## Aim of the exercise
When the line containing "Selling two Le" appears in the entries below, begin printing there and stop after the line containing "This is the"; print each of those lines exactly and no other line.

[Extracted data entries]

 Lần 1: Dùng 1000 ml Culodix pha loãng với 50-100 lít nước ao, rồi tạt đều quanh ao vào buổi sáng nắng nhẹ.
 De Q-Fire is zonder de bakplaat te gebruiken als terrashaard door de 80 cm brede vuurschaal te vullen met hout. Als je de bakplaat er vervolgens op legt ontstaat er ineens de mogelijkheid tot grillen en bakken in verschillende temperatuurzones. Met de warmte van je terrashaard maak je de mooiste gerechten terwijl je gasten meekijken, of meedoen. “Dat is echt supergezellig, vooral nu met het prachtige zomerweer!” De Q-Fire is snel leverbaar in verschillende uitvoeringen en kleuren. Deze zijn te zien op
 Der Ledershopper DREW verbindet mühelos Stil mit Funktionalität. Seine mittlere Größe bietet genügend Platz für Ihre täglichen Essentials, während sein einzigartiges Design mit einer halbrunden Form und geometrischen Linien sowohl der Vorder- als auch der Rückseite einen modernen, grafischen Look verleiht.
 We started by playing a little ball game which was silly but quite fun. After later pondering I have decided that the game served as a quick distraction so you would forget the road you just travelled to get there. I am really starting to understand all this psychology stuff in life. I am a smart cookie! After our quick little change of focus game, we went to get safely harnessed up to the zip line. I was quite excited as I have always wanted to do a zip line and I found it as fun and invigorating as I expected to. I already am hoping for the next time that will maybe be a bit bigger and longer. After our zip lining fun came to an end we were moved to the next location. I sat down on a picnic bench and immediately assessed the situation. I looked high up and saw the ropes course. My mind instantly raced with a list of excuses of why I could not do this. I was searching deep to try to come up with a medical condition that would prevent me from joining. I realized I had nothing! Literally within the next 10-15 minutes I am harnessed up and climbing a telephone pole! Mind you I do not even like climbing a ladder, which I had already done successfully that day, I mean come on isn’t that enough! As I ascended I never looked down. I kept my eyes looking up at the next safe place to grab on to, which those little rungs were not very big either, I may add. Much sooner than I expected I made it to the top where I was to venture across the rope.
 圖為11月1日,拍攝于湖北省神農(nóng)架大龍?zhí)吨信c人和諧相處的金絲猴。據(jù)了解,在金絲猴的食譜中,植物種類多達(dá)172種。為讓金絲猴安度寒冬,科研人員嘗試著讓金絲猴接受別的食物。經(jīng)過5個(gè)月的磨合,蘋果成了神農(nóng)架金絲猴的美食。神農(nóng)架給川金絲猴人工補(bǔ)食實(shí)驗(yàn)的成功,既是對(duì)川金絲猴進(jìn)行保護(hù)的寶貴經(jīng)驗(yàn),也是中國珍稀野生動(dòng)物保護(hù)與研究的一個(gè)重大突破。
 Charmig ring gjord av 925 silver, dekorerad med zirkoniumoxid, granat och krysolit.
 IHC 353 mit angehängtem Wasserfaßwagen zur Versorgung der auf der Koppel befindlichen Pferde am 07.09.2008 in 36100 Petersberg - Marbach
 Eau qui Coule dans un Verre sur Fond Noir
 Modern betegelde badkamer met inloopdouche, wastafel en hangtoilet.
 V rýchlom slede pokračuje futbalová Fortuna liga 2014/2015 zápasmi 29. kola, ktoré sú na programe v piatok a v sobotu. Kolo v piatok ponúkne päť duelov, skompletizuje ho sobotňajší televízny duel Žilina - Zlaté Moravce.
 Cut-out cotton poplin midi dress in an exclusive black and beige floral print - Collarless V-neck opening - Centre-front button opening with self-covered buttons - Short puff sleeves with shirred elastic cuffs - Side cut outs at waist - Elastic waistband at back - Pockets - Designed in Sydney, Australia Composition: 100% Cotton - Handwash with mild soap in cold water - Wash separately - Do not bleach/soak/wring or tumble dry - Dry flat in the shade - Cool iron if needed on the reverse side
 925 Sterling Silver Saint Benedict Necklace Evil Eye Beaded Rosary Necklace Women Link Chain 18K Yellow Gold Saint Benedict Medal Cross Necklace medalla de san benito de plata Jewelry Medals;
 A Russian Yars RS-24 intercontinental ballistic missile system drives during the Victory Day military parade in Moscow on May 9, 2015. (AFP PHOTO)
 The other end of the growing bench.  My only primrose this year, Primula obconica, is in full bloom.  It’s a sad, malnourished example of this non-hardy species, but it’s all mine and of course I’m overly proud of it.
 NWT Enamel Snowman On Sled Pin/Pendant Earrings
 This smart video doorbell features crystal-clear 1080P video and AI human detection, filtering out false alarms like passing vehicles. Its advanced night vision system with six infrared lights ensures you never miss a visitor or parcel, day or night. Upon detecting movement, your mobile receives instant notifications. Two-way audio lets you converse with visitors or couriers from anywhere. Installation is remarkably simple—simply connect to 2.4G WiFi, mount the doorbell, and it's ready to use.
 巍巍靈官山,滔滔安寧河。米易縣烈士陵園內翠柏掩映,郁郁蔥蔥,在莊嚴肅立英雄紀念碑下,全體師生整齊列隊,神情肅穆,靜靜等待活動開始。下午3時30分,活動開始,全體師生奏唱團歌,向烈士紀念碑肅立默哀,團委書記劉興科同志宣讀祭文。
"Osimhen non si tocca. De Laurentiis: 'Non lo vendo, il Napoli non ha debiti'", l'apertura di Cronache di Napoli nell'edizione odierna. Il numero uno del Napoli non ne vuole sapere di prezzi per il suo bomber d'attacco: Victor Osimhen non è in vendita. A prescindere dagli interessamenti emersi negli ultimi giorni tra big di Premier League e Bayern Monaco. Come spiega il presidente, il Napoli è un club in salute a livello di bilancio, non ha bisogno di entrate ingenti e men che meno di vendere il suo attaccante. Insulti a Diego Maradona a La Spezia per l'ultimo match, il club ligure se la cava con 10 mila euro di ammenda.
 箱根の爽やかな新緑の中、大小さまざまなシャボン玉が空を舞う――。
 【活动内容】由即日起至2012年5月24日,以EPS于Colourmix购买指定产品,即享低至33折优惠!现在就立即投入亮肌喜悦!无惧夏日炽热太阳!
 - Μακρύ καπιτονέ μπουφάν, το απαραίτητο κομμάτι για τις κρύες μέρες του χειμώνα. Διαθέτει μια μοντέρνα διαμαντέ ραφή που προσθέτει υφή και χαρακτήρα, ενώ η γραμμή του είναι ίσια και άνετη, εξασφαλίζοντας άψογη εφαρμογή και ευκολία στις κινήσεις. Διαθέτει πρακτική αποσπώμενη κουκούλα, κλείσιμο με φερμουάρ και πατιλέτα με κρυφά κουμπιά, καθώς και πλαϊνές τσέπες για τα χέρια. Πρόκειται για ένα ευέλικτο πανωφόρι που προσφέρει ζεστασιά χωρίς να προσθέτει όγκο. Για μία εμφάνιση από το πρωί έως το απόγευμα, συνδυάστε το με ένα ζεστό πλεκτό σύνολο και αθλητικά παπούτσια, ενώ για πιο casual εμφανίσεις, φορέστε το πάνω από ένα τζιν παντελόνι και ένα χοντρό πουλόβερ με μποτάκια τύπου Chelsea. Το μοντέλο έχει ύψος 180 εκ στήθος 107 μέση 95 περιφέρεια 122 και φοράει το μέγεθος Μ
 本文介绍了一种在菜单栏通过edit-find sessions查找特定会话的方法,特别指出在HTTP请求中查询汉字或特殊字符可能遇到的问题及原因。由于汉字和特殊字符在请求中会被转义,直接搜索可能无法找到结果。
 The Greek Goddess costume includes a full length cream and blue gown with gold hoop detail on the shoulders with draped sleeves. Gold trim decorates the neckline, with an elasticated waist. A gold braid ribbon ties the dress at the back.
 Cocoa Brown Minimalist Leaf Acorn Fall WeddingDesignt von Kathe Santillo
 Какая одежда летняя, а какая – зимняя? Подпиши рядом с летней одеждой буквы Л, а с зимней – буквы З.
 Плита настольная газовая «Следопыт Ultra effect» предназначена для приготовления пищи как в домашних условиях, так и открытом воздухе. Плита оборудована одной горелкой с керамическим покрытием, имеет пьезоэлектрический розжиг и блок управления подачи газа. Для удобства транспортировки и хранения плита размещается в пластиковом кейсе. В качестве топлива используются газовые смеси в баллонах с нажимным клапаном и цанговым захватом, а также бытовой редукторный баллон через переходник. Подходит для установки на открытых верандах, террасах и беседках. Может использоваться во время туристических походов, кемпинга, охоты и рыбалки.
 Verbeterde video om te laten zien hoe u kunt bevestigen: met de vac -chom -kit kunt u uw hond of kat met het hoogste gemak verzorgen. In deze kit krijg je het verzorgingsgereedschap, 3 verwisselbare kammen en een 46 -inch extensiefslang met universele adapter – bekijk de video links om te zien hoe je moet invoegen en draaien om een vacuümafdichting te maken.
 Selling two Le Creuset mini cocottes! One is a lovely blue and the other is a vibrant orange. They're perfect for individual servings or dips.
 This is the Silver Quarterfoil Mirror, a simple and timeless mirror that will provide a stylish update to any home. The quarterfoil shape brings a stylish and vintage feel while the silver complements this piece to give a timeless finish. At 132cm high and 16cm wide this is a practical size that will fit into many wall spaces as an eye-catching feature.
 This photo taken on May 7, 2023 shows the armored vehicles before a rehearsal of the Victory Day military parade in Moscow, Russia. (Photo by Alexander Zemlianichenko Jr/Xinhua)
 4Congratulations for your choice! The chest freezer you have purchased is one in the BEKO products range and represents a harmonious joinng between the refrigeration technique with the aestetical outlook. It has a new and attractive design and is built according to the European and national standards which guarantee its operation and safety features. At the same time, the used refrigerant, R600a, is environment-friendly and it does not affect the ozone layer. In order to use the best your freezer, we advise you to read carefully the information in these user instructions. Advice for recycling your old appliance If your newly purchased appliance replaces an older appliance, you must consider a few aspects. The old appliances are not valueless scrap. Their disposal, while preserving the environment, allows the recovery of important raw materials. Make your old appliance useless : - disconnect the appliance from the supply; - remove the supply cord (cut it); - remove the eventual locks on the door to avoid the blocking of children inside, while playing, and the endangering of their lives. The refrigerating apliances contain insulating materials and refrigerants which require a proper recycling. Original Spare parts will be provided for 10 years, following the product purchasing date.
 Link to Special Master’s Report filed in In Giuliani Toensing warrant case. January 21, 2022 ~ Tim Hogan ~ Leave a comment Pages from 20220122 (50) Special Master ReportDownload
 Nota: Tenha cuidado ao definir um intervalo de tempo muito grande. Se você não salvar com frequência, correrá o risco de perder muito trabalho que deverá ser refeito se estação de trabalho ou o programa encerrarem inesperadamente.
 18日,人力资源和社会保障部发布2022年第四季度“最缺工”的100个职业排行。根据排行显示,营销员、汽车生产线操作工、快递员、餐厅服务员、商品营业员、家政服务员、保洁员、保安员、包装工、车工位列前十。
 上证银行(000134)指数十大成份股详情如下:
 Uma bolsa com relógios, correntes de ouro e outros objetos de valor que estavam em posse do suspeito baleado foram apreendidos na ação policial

## Answer box
 Selling two Le Creuset mini cocottes! One is a lovely blue and the other is a vibrant orange. They're perfect for individual servings or dips.
 This is the Silver Quarterfoil Mirror, a simple and timeless mirror that will provide a stylish update to any home. The quarterfoil shape brings a stylish and vintage feel while the silver complements this piece to give a timeless finish. At 132cm high and 16cm wide this is a practical size that will fit into many wall spaces as an eye-catching feature.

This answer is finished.